Emocje i lęki, gdy było trzeba - skutecznie tłumione, nawracające po latach (tak jak ulubione motywy malarza), musiały gdzieś znajdować ujście. I może właśnie polem dla tego procesu była malowana w późnych obrazach twarz, głowa o widmowych oczach zamieniająca się w maskę. Maskę, którą artysta sam nakładał. W kontekście tym symptomatycznie brzmi wojenne wspomnienie Marii Jarochowskiej, opublikowane tuż po śmierci malarza w 1974 roku, w "Życiu Literackim":
"Jechaliśmy nocą w nieoświetlonym wagonie. Gdzieś w okolicy Kielc nastąpiła kontrola dokumentów. Kenkarta Artura była oczywiście na fikcyjne nazwisko. Po wyjściu z przedziału funkcjonariuszy niemieckiej policji jeden z nich wrócił na korytarz i latarką elektryczną długo oświetlał przez szybę twarz Artura, czyli Stefana Samborskiego. Przez te pół minuty Artek ani drgnął."
Pozostańmy przy określaniu późnych obrazów Nachta mianem masek i na koniec rzućmy na nie okiem z perspektywy antropologicznej. Analizujący związki zachodzące między maską a portretem Hans Belting pisze w swej fundamentalnej książce "Antropologia obrazu. Szkice do nauki o obrazie" co następuje:
"Można pójść jeszcze dalej i w ogóle portrety pojmować jako maski, które usamodzielniły się od ciała i zostały przeniesione na nowe medium-nośnik. W ten sposób można odczytywać również nowożytny portret jako maskę pamięci i jako maskę społecznej tożsamości. Reprezentacja podmiotu jest ściśle związana z pytaniem o maskę, którą on nosi - a zatem pytaniem o obraz, jaki podmiot składa w masce." [przełożył Mariusz Bryl, Universitas, Kraków 2007, s. 48-49]

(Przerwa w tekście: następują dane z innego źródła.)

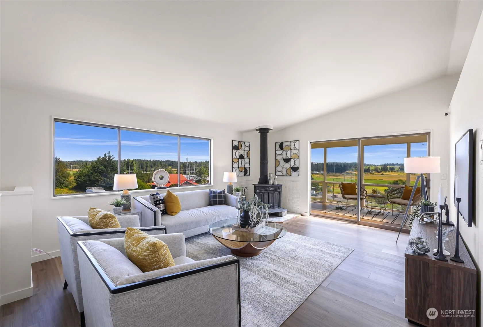 $60,000 BELOW APPRAISED VALUE!!! —Inspected, fully updated & move in ready— daylight basement rambler on sprawling 2.5 acres. Island living yet only minutes to shopping/dining/I5. GRANITE kitchen w/ tons of cabinet & counter space & full dining room. Huge living room w/ vaulted ceilings & slider to glass enclosed deck to enjoy the panoramic views. Primary suite w/ skylights for natural light, attached 3/4 bath & adjoining sitting room. 2 addtl bedrooms, bonus room & full guest bath on main. Fully finished basement features 2 large living rooms, 3/4 bath, bonus room, utility room & storage. Outside find huge 30×36 3 bay shop, bring the toys! 416sq.ft storage area. Second large detached shop w/ power. Round riding arena. BRAND NEW WINDOWS
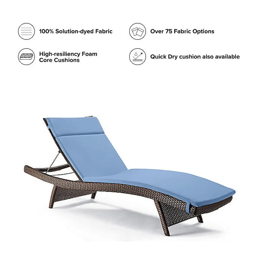 Refresh your Balencia Chaise with outdoor cushions tailored for a perfect fit. Made of premium Sunbrella® fabric and densified polyester fill, our cushions are constructed to last season after season. Choose from our classic knife edge design, or Corded cushion with Sunbrella outdoor cord trim. Tailored specifically to fit our Balencia Chaise Lounge Strong straps easily secure cushion to chair Durable 100% solution-dyed Sunbrella® acrylic Colors coordinate with our exclusive line of Frontgate fabrics Cushion made of high-quality densified polyester fill Extreme tested for resistance to fading, staining and mildew Spot clean Sewn closed on both the Standard and Quick Dry cushion types Imported Type of Cushion: Standard: Multiple layers of high-resiliency, high-density foam core with soft polyester wrap.Quick Dry: Faster drainage and 35% faster dry time. Open-cell foam wrapped with densified polyester and a quick-dry center, lined for extra comfort. Removable cover has mesh panel on the bottom for maximum drainage.At Frontgate, our primary focus is quality. We guarantee that every product we sell will stand up to the supreme test – our customers' satisfaction. To learn more about our policies, visit our Shipping & Processing, Returns & Exchanges and Warranty & Price Guarantee pages.
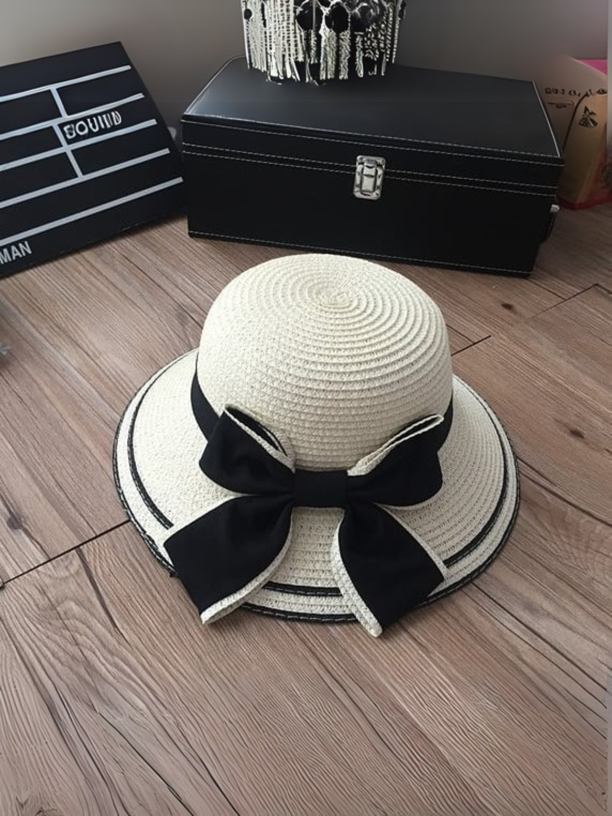 • White straw cloche hat with black accent ribbon band and brim

W tak zarysowanej perspektywie ewolucja usamodzielniania się maski w stosunku do portretu w przesiąkniętych goryczą, późnych malarskich wizerunkach Nachta wynikałaby z częściowego maskowania (ale i odsłaniania) dwoistej tożsamości artysty oraz jego pamięci obarczonej śladami egzystencjalnej traumy. Wszak właśnie "zamącenie dramatem egzystencji" miało odróżniać obrazy "polskich malarzy koloru" (Cybisa, Nachta i Eibischa) od "lekkich i nieludzko czystych obrazów Bonnarda" - by przywołać słowa Jacka Sempolińskiego z jego eseju "O Bonnardzie dwuznacznie" ["Miesięcznik Literaki" 1967, nr 2].
Gdy Adolf Rudnicki zadawał sobie pytanie, "co pozostało z kostiumu bardzo szczególnego historii" [s. 171], na który podczas wojny patrzył z zaprzyjaźnionym malarzem, widział wpatrzone w siebie, "puste, szpetne, przeraźliwe głowy" z obrazów Nachta. Jak się zdaje, Artur Nacht-Samborski spłacał nimi dług wyobraźni i pamięci wobec historii, poszukując - zgodnie z postulatem Theodora W. Adorna - takich form, w których kontakt odbiorcy "z cierpieniem ofiar Zagłady i okrucieństwem ich śmierci nie zostałby złagodzony poprzez estetyzację" [Sidra DeKoven Ezrahi, "Holokaust a zmieniające się granice sztuki i historii", przełożył Maciej Michalski, "Literatura na świecie" 2004, nr 1-2 (390-391), s. 167].
Niniejszy tekst w nieco odmiennej formie ukazał się w kwartalniku "Aspiracje", jesień 2009.
Autor: Artur Tanikowski, marzec 2010.